Rational polynomials of degree 1 verify this property, going beyond this becomes extremely complicated, since one cannot simply determine whether the sum of two irrationals is irrational.
It is also clear that all the real roots of this polynomial (if there exists any) are rational.
So how can I characterize such polynomials?

Answer 1

Let $n=\deg P$ and assume $n\ge 2$.

Pick $n+1$ rational points $(x_i,P(x_i))$ and let $\tilde P(X)$ be the unique interpolating polynomial of degree $\le n$ through these points.

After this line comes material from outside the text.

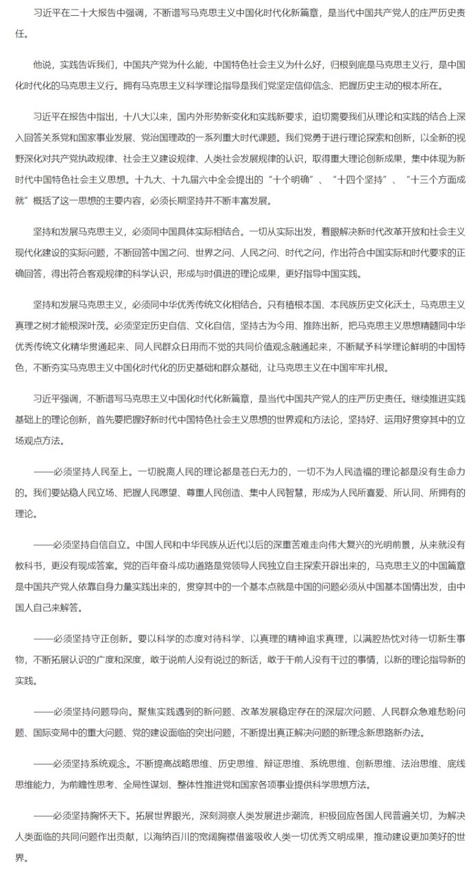 二十大报告摘登 开辟马克思主义中国化时代化新境界

By the formulae for interpolation, $\tilde P(X)\in\Bbb Q[X]$. And as $P(X)-\tilde P(X)$ has more than $n$ zeroes, we have $P(X)=\tilde P(X)$, i.e., $$P(X)\in\Bbb Q[X].$$ If $a,b$ are non-zero integers, then $aP(\frac Xb)$ also has the special property. By choosing $a,b$ wisely, we can achieve that $$\tag1 P(X)=X^n+a_{n-1}X^{n-1}+\cdots + a_1X+a_0\in\Bbb Z[X].$$ Namely, first multiply away the denominators, then divide the argument by the leading coefficient and multiply by the $(n-1)$st power of that coefficient to cancel the newly created denominators.

For $m\gg0$, $P(X)=m$ has exactly one solution $\xi_m$ in the positive reals. By the special property, $\xi_m$ is rational, and by the rational root theorem, $\xi_m\in \Bbb N$. By the Mean Value Theorem, there must exist a real number $\eta_m$ between $\xi_m$ and $\xi_{m+1}$ with $$|P'(\eta_m)|=\left|\frac{P(\xi_{m+1})-P(\xi_m)}{\xi_{m+1}-\xi_m}\right|=\frac1{|\xi_{m+1}-\xi_m|}\le 1.$$ Clearly, $\xi_m\to\infty$ and then also $\eta_m\to\infty$. But for non-constant polynomial $P'$, the set $\{\,x\in\Bbb R: |P'(x)|\le 1\,\}$ is bounded - contradiction.